= Task item =
Find the line with "Перед жаркой птицу" in the entries below, then output every line from it down to the line with "1、本機臺是生產口罩成品的機", exactly and with no pictures.

= Records provided =
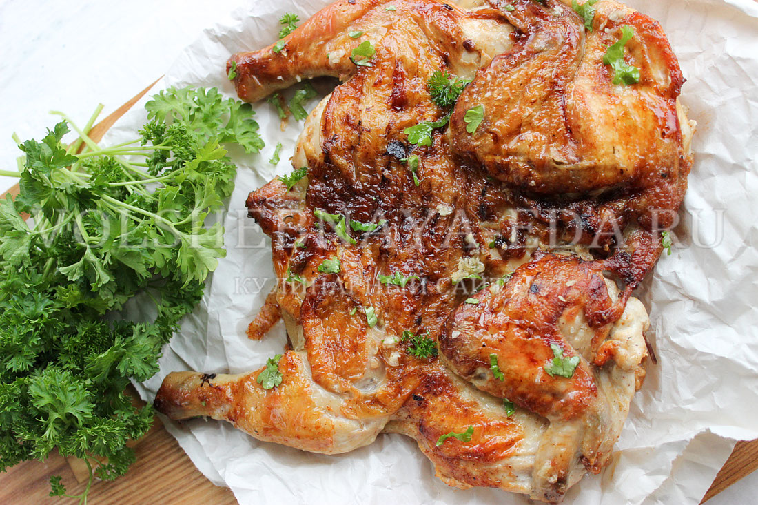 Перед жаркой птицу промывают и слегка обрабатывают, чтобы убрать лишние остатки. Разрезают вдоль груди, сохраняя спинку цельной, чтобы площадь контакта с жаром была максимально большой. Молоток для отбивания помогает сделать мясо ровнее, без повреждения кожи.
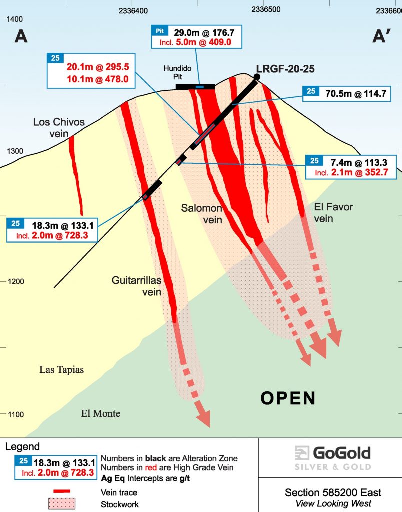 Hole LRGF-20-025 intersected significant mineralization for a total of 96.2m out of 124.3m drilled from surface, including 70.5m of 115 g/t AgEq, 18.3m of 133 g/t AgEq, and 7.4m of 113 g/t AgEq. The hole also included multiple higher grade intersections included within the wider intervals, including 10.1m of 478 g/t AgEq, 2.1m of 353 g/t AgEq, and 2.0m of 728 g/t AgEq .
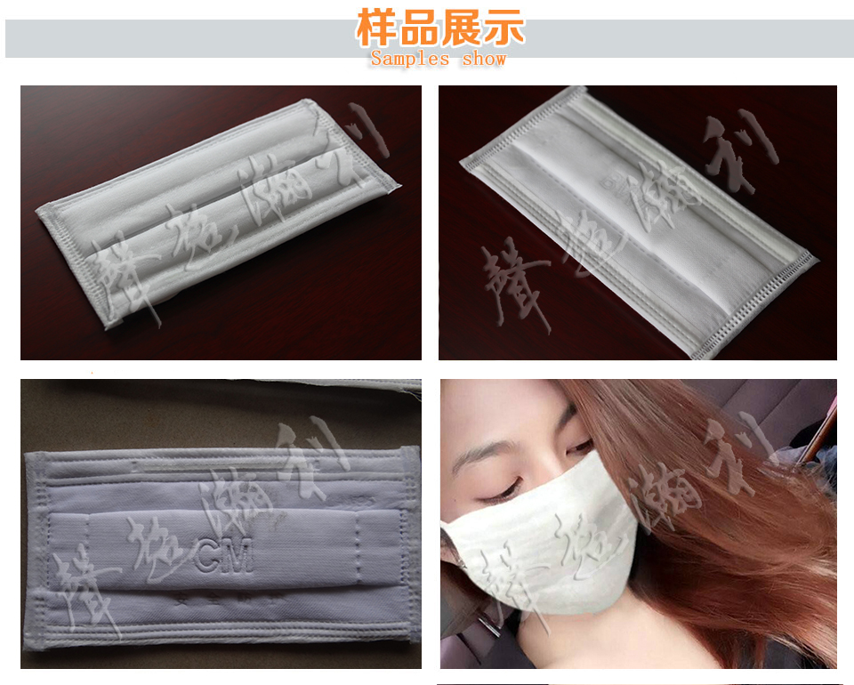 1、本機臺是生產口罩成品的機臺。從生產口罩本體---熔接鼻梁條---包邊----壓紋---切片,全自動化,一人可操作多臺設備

==

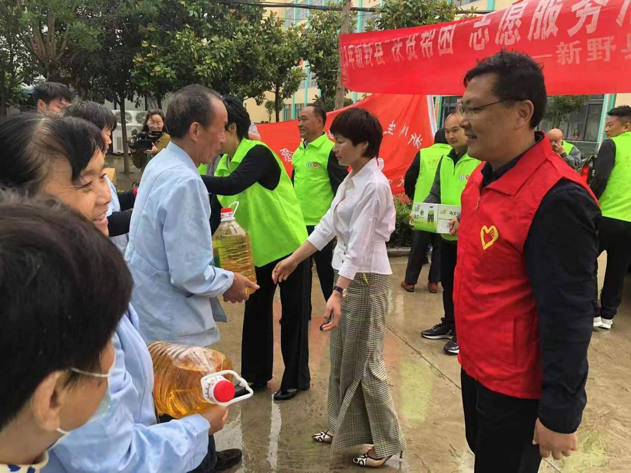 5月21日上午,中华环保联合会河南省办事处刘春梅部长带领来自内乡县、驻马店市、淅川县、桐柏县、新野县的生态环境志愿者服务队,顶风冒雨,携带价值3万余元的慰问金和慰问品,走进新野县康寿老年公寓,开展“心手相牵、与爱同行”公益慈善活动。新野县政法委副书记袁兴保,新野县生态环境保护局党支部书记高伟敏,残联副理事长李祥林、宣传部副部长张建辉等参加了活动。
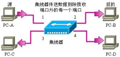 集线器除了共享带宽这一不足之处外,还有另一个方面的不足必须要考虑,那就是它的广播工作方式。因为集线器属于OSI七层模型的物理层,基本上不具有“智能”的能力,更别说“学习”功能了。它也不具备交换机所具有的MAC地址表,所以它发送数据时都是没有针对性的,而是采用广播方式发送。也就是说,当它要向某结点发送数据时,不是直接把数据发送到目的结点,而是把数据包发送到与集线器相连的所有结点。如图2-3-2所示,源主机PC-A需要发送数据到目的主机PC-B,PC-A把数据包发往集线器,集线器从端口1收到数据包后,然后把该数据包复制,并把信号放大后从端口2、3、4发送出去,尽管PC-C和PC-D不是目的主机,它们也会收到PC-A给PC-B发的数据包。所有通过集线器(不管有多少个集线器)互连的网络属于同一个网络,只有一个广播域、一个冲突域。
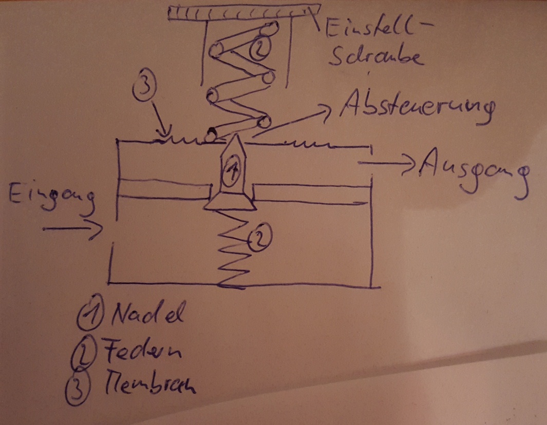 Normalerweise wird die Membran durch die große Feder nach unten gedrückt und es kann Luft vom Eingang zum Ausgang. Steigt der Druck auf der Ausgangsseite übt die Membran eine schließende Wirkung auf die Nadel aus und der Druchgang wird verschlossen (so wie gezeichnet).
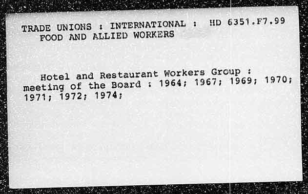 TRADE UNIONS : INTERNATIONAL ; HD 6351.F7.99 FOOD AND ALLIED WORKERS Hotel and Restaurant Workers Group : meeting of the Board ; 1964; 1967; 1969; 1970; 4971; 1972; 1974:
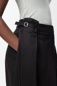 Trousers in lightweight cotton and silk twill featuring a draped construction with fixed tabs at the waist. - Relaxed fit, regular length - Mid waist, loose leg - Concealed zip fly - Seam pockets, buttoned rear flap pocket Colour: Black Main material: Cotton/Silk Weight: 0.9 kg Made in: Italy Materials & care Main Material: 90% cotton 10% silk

--

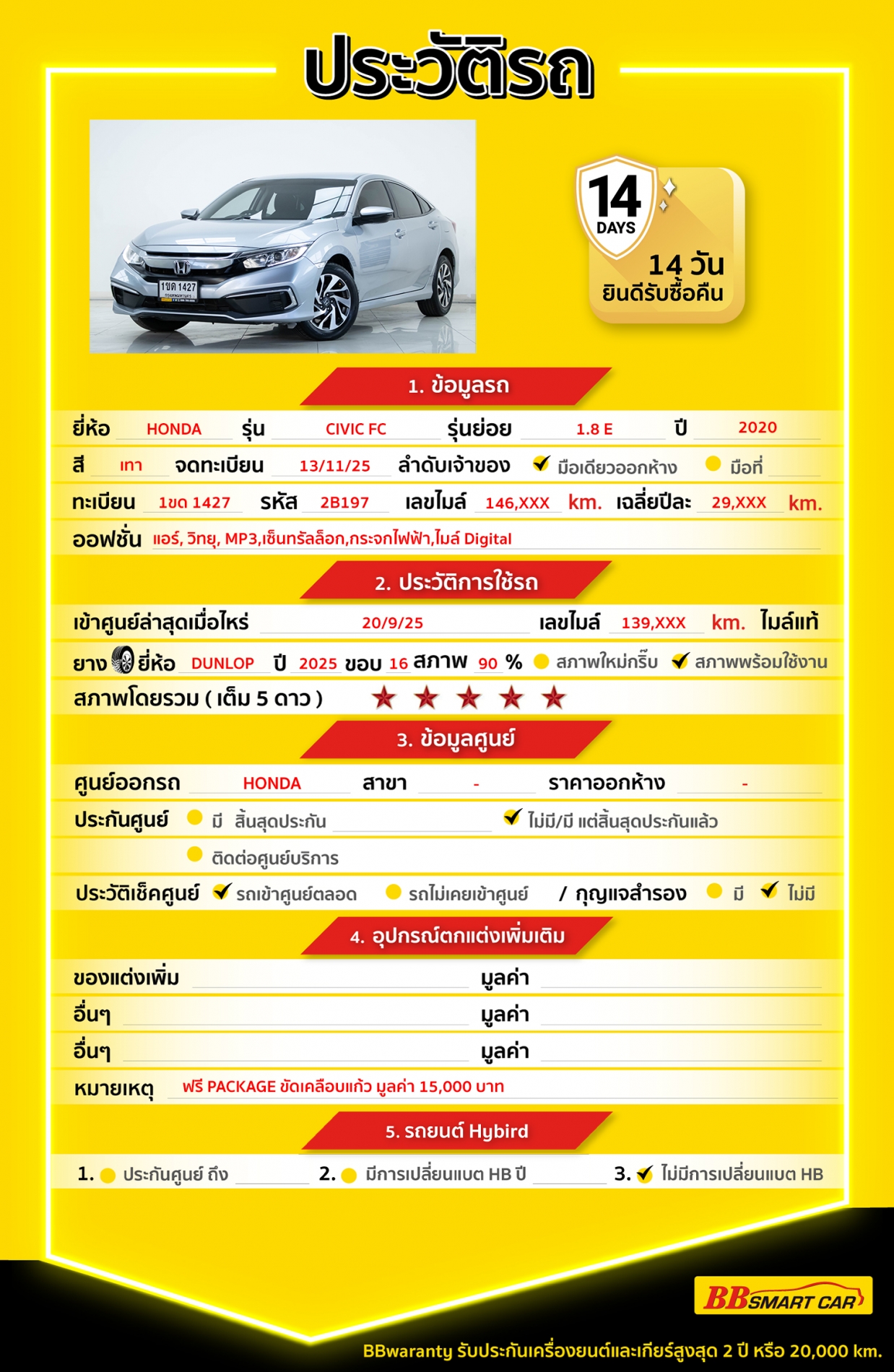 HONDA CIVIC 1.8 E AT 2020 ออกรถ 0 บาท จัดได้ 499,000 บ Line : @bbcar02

= Result =
 Перед жаркой птицу промывают и слегка обрабатывают, чтобы убрать лишние остатки. Разрезают вдоль груди, сохраняя спинку цельной, чтобы площадь контакта с жаром была максимально большой. Молоток для отбивания помогает сделать мясо ровнее, без повреждения кожи.
 Hole LRGF-20-025 intersected significant mineralization for a total of 96.2m out of 124.3m drilled from surface, including 70.5m of 115 g/t AgEq, 18.3m of 133 g/t AgEq, and 7.4m of 113 g/t AgEq. The hole also included multiple higher grade intersections included within the wider intervals, including 10.1m of 478 g/t AgEq, 2.1m of 353 g/t AgEq, and 2.0m of 728 g/t AgEq .
 1、本機臺是生產口罩成品的機臺。從生產口罩本體---熔接鼻梁條---包邊----壓紋---切片,全自動化,一人可操作多臺設備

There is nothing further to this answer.